Красовский с Шустряковым промолчали, однако вместе с остальными приняли участие в поиске свободного места на нарах для всей группы. Расположившись, вышли на воздух и уселись отдельной компанией на примятой траве. Пищурин выложил из фанерного сундучка остатки зачерствевшего хлеба и селедки, поделил поровну на всех. Но спокойно позавтракать не удалось.
— Приятного аппетита! — к ним вплотную подошли двое парней крепкого телосложения. Оба — босые, в одних трусах. Жилистые, поджарые торсы. Грудь, руки и даже спина расписаны экзотической татуировкой. — Не скушновато одним питаться? Или вы деревенские?
— Та мы ще не питаемся, тильки завтракать сели, хлопци с городу, — с улыбкой ответил им Федя Павленко.
— А ты чего, хохол, развеселился? — впился в Федю цепким взглядом тот, что стоял ближе, с перебитым носом и перекошенной ножевым шрамом верхней губой. На правой щеке — тоже шрам, на подбородке — свежая ссадина.
Но Федя смотрел на него, все так же спокойно и доброжелательно улыбаясь.
— Ну, чего вылупился, хохол? Тебе что, зубы жмут или второй глаз — лишний?
Павленко спрятал улыбку и, широко раскрыв светло-серые глаза, воскликнул с деланным удивлением:
— От-то ж побачте, хлопци! Не успели от своих жиганов уехать, а тут уже новые завелись.
— Где ты тут жиганов увидел? — демонстративно игнорируя подошедших, спросил у Феди Красовский. — Вот этих, что ли? Так это фраера приблатненые. Жиганами от них и не пахнет. Разве что за хулиганство месяцев по пять сидели.
— Угадал, красивей. Оба мы за хулиганство срок тянули, — подвинулся к Красовскому тот, что с перебитым носом. — Фитюлин моя фамилия. Если во Владике жил, то должен был слышать, а нет, так я с тобой тут поближе познакомлюсь.
— Ладно, парни, хватит, — вмешался в ссору Колобов. — Если хотите есть, возьмите вот мою рыбу и идите своей дорогой.
Он протянул Фитюлину свою порцию. Есть ему и в самом деле не хотелось.
— Не в шамовке дело, а в принципе, — отстранился тот. — Мы не голодные. Нам вот с этим красивцем поговорить хочется.
И тут поднялся молчавший до того таежный охотник Застежкин. Сжав могучие кулаки-кувалды, он предупредил, что если задиры сейчас же не уйдут сами, то повезут их не на фронт, а в больницу сращивать поломанные ребра.
Фитюлин, смерив оценивающим взглядом Прохора, решил внять его совету и, стараясь сохранить достоинство, кинул своему напарнику:
— Будь по-вашему. Идем пока, Серый.

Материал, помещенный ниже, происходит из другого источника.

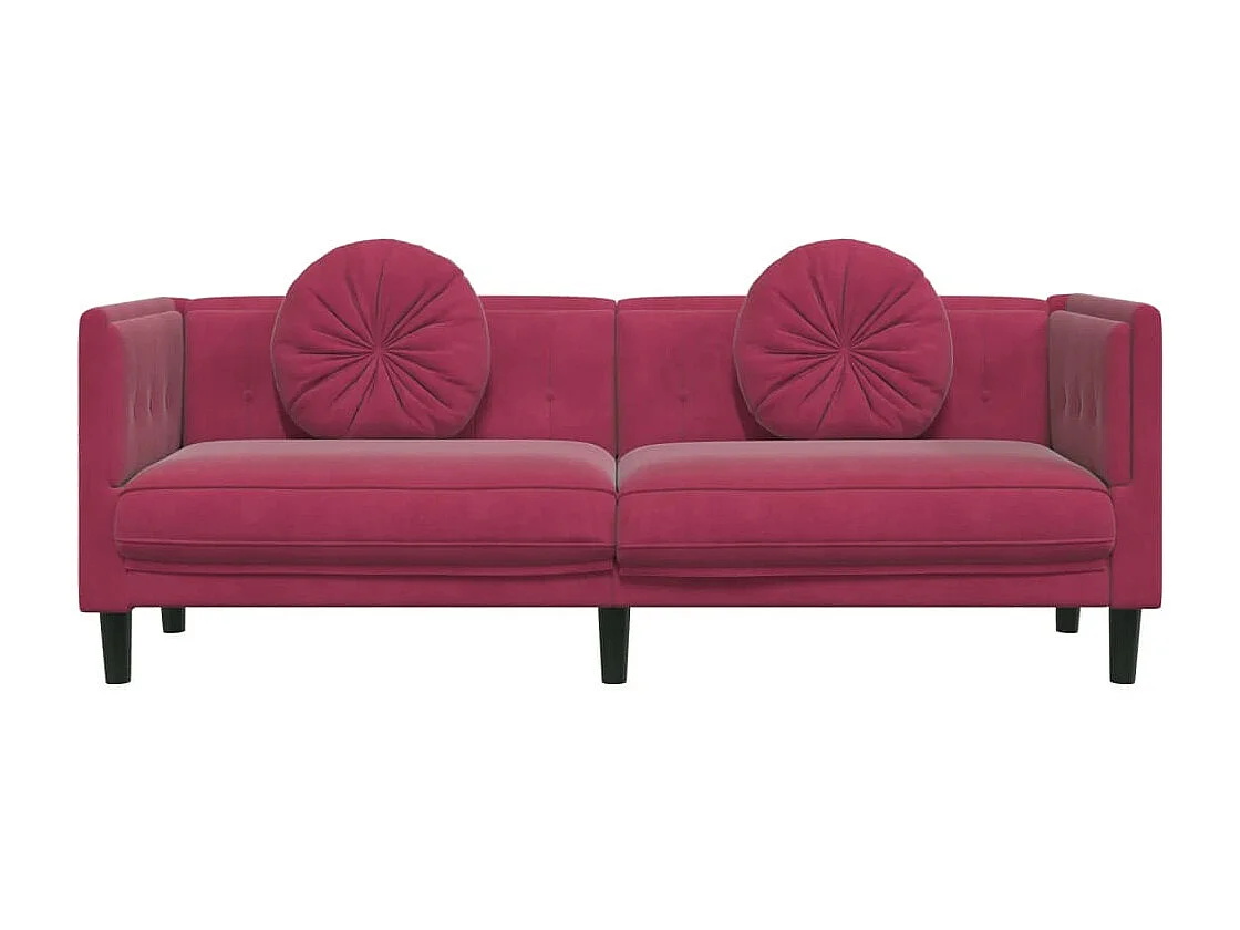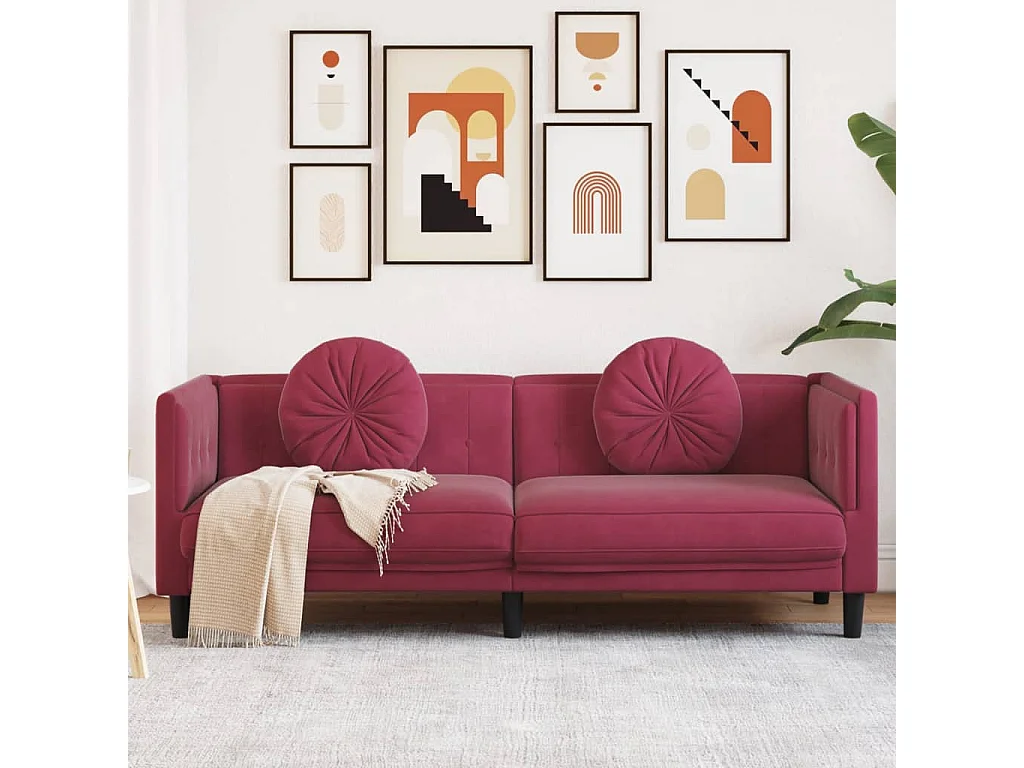 Divano con Cuscini 3 Posti Rosso Vino in Velluto

Мы еще поговорим с этими лаптями, научим их вежливости.
Николай проводил взглядом удаляющихся парней и отдал свою порцию Застежкину. После всех сегодняшних встреч у него пропали и аппетит, и вернувшееся было хорошее настроение. С щемящей тоской вспомнилась родная танковая бригада, всегда готовые прийти на помощь веселые и верные товарищи. Он лег на спину и уставился в безоблачное небо, задумчиво покусывая травинку.

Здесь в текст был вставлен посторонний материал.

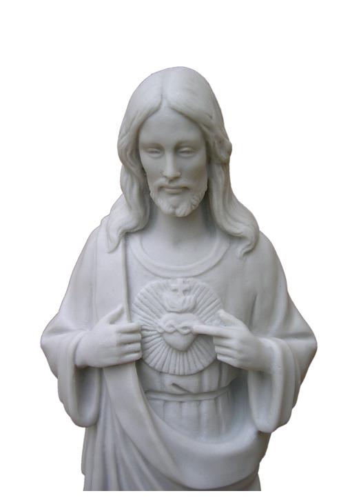 Description Statue du Sacré-Coeur en marbre reconstitué, 37 cm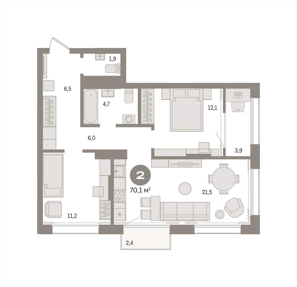 общая 70,09 м2, жилая 23,28 м2, кухни 21,48 м2 |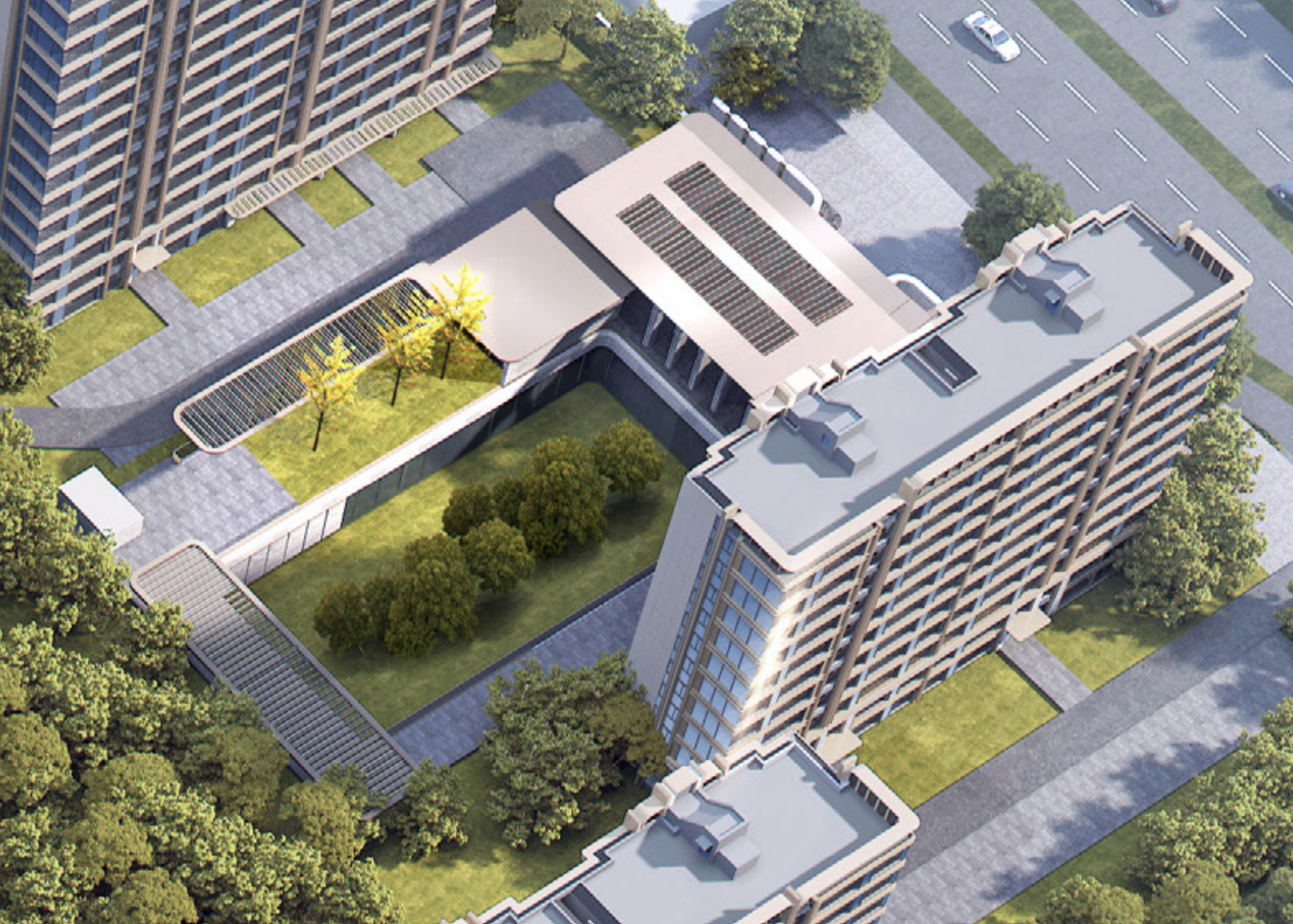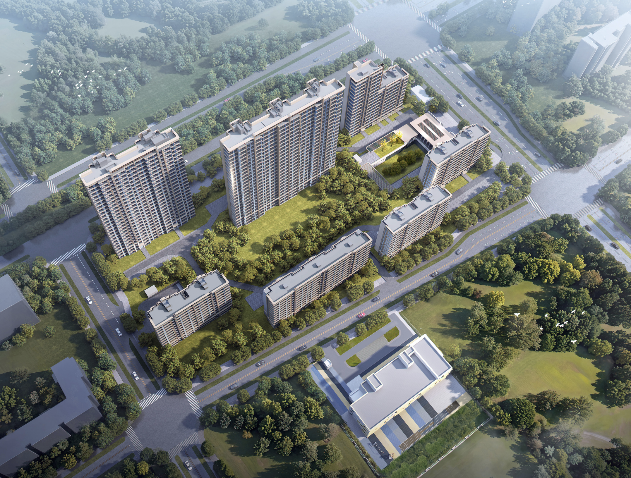 项目占地2.76公顷,总建面11.1万㎡,其中地上建面7.7万㎡,容积率2.8。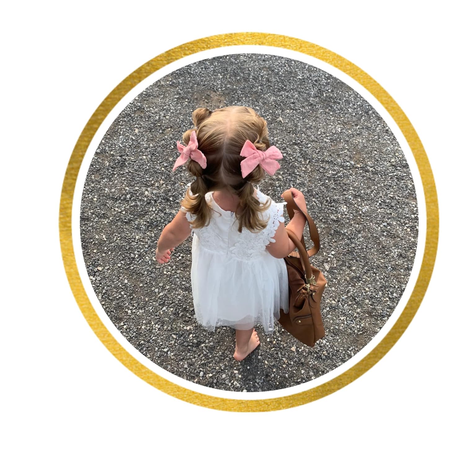 Adorable Hair Bows for Children and Toddlers. 2 of Each Color to make the perfect Piggy Pack. These bows are secured with an alligator clip. The alligator clip allows for the clip to be removed with no tugging! Colors are Mustard White and Pink

Будущее, так ясно представлявшееся ему всего несколько часов назад, опять казалось мрачным и неопределенным. Что же это за воинские части такие — штрафные роты? Какую боевую задачу — можно поставить такому… Колобов никак не мог найти нужного слова: «коллективу» — явно не подходило, а «сброду» — не хотелось употреблять самому.

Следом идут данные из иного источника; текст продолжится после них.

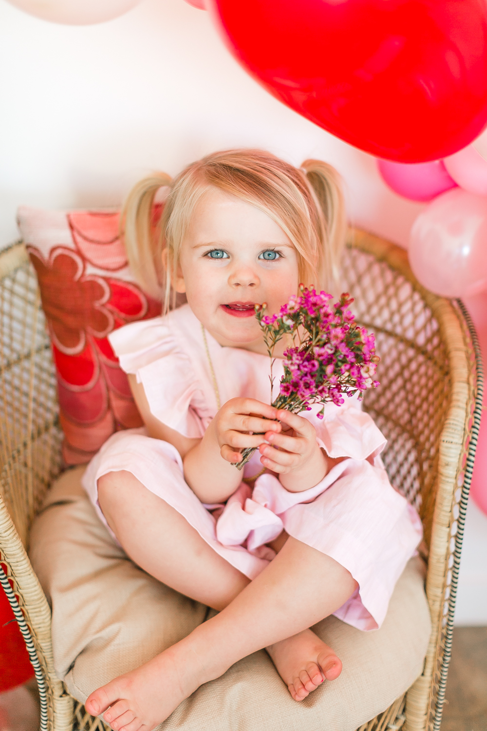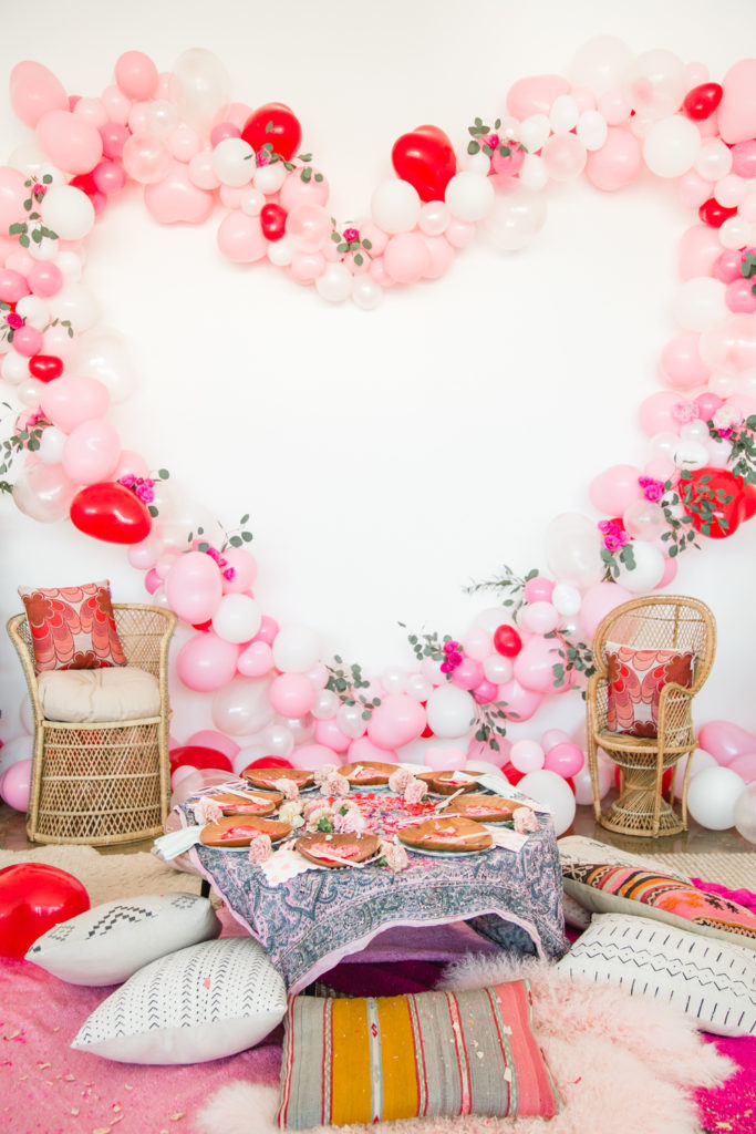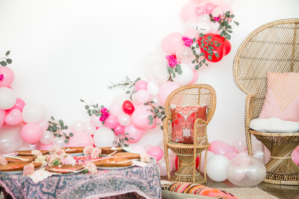 Now are you ready for the ultimate girliest playdate you’ve ever seen?? Because I don’t know if you can handle the cuteness… Let’s start with the amazing balloon install from Wild Child Party complimented by the beautiful flowers by Of the Flowers and the gorgeous rentals from 6th and Detroit… Giving me all the Valentine’s feels…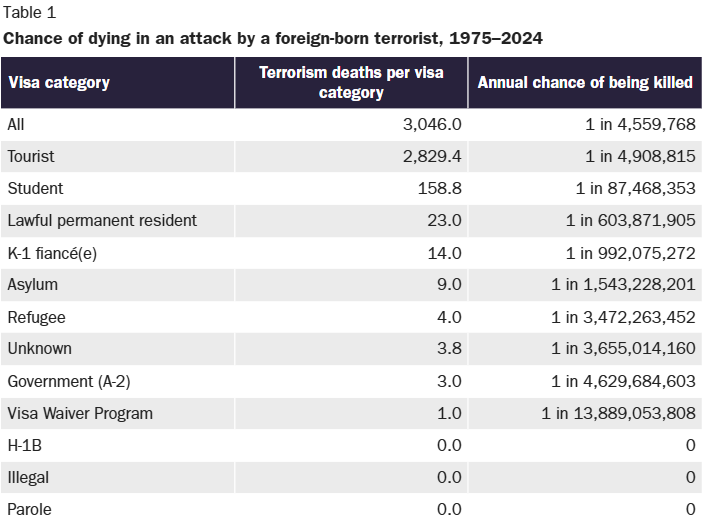 President Trump announced that he’s banning almost all travel and immigration from Afghanistan, Burma, Chad, the Republic of Congo, Equatorial Guinea, Eritrea, Haiti, Iran, Libya, Somalia, Sudan, and Yemen for “terrorism-related and public-safety risks.” There are some exceptions for adoptions, immediate family members of US citizens, and a handful of other visas. A single terrorist from those countries murdered one person in an attack on US soil: Emanuel Kidega Samson from Sudan, who committed an attack motivated by anti-white animus in 2017. The annual chance of being murdered by a terrorist from one of the banned countries from 1975 to the end of 2024 was about 1 in 13.9 billion per year.

На обед двадцать седьмая молодежная отправилась без строя и командиров. В столовую ввалились шумной, разношерстной толпой. На длинных дощатых столах парили бачки с жидким варевом. Рядом высились стопки алюминиевых мисок по десять штук в каждой. Тут же лежали ложки и черпаки.
Компания уссурийцев поредела на треть. Красовский сразу же после «завтрака на траве» ушел отыскивать «своих». Угроза Фитюлина, видно, его всерьез обеспокоила. А Федя Павленко буквально через час после ссоры подружился с обоими хулиганами. Усевшись на траве, они шутили и смеялись, хлопая друг друга по загорелым спинам, словно ничего плохого между ними не было. Федя и обедать сел вместе с новыми товарищами.
Николай поглядывал на Павленко даже с некоторой завистью: легкость, с какой тот находил общее с незнакомыми и самыми разными людьми, ему была недоступна. Он не осуждал Федю за «измену» их компании, не верил в нее. Просто для жизнерадостного украинца все люди — друзья-приятели. Такой уж он человек.
Застежкин по отношению к «отступничеству» Павленко занял непримиримую позицию, назвав того вертихвостом, а интеллигентный Пищурин объяснил непостоянство их товарища по-своему:
— Павленко, на мой взгляд, довольно своеобразная личность, товарищ Застежкин. Чувство товарищества, стремление всегда быть душой любой компании отличает его от нас с вами. Ему просто скучно постоянно находиться среди одних и тех же людей.
Прохор ничего не понял из этого объяснения и лишь проворчал:
— Ой, наплел… Перемудрил ты, видать, когда на студента учился. Шибко грамотным стал, вот и несешь околесицу.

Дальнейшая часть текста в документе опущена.